■ **Exercise goal**:
Pictures aside, write out the data exactly as it reads.

■ **Collected material**:

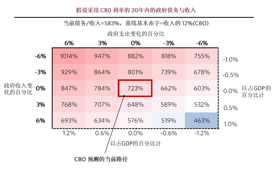 实现稳定政府债务相对于政府收入的目标,有点儿像是在玩魔方,因为调整一个杠杆会改变其他所有杠杆的影响。接下来的表格展示了政府支出削减、税收增加和利率变化的不同组合,将如何导致政府债务收入比的不同结果。
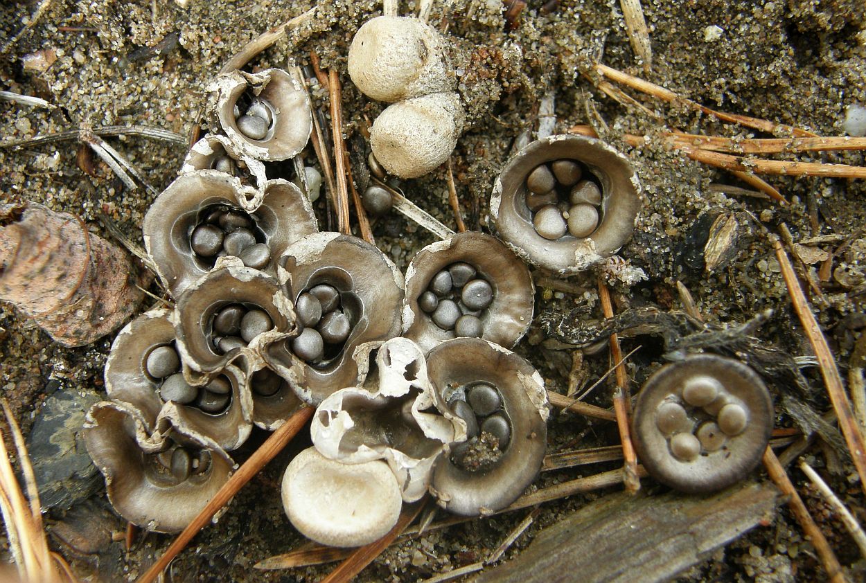 und Gestreifte Erdsterne / Geastrum pectinatum:
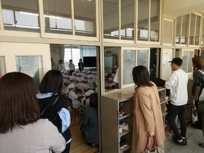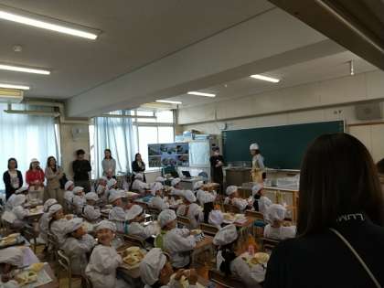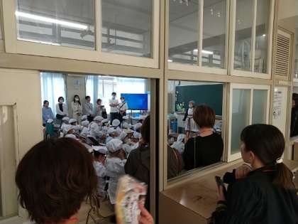 1年生は「給食参観」です。たくさんの保護者・ご家族の方にご参観いただいています。
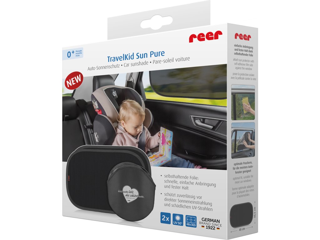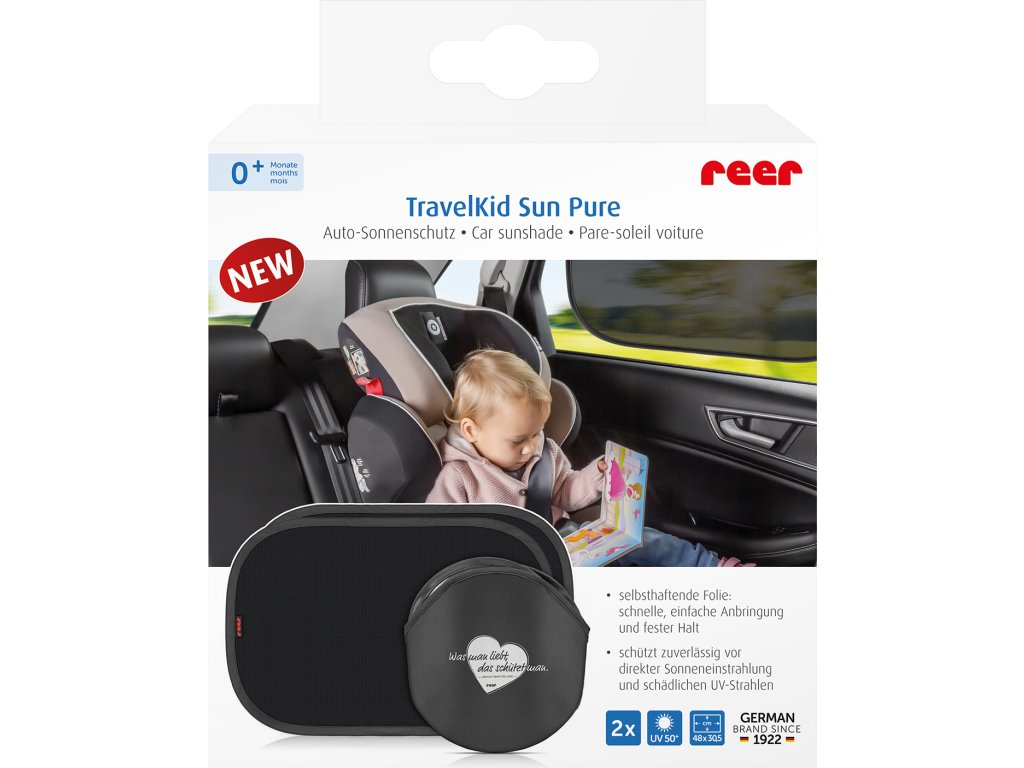 TravelKid Sun Pure poskytuje vašemu dítěti v autě příjemný stín a zabraňuje zahřívání vnitřku automobilu. Vysoce kvalitní látka má sluneční ochranný faktor 50+ a nabízí tak plnou ochranu před pronikajícími slunečními paprsky. Kromě obecné ochrany před slunečním zářením také odvádí nebezpečné UV záření a chrání tak vaše dítě před spálením.

■ **Exercise output**:
 实现稳定政府债务相对于政府收入的目标,有点儿像是在玩魔方,因为调整一个杠杆会改变其他所有杠杆的影响。接下来的表格展示了政府支出削减、税收增加和利率变化的不同组合,将如何导致政府债务收入比的不同结果。
 und Gestreifte Erdsterne / Geastrum pectinatum:
 1年生は「給食参観」です。たくさんの保護者・ご家族の方にご参観いただいています。
 TravelKid Sun Pure poskytuje vašemu dítěti v autě příjemný stín a zabraňuje zahřívání vnitřku automobilu. Vysoce kvalitní látka má sluneční ochranný faktor 50+ a nabízí tak plnou ochranu před pronikajícími slunečními paprsky. Kromě obecné ochrany před slunečním zářením také odvádí nebezpečné UV záření a chrání tak vaše dítě před spálením.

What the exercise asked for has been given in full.